Time Warner Cable is receiving cease-and-desist letters for allowing its customers to access television programming through their iPads, according to the online business, tech and finance site Business Insider.

The publication credits an anonymous industry source for the information.

Time Warner Cable's free iPad app, which allows its existing customers to access some of their channels through the iPad within the confines of their homes, launched last Tuesday with 32 channels.

The app was so popular that it became the most downloaded program on iTunes on its launch day, March 15. But the popularity also caused the system to crash, which reduced the channel line-up to 15.

That's the reason Time Warner gave for removing some of the channels. The company says that it plans to restore the missing channels and add more as quickly as possible.

At least one content owner has objected to Time Warner's move.

Scripps Networks Interactive released a statement last week that said that it "has not granted iPad video streaming rights to any distributor and is actively addressing any misunderstandings on this issue."
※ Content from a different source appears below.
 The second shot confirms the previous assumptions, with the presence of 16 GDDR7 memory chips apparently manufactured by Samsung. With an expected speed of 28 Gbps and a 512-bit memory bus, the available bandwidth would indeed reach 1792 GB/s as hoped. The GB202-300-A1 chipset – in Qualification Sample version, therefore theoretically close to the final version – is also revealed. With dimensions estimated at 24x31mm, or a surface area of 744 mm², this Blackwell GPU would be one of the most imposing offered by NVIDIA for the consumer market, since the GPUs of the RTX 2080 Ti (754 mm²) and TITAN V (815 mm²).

Trade industry publication Ad Age quotes a Time Warner Cable spokesman saying that the company believes it has the rights to move forward with the application.

Channel line-ups are negotiated between networks, content owners and cable companies, so it appears to be a disagreement between the two sides as to what existing contracts allow.
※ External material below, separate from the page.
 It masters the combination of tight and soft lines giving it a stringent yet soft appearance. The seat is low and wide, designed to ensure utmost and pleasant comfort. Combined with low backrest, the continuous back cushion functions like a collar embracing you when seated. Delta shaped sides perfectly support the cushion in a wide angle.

As CNET notes, Comcast offers its customers the free Xfinity TV iPad app, and other companies offer similar programs.

And Sling Media offers an app that allows access to programming from anywhere on iPads.
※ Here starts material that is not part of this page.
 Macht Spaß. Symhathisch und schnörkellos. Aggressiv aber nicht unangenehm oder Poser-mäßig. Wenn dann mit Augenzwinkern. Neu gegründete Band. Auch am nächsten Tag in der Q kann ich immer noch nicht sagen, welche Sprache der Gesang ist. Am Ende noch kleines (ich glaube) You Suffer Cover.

Perhaps the problem is that the programmers have their own iPad plans, and "surprises" from their cable partners might impact their own offerings on tablets.

Scripps, for example, already offers "Home and Garden TV to Go" as a downloadable app on iTunes.

It's the kind of media industry rights dispute worth keeping tabs on since the lines that distinguish "streaming" on computers versus access through television seem destined to become ever fuzzier as cloud computing grows in popularity.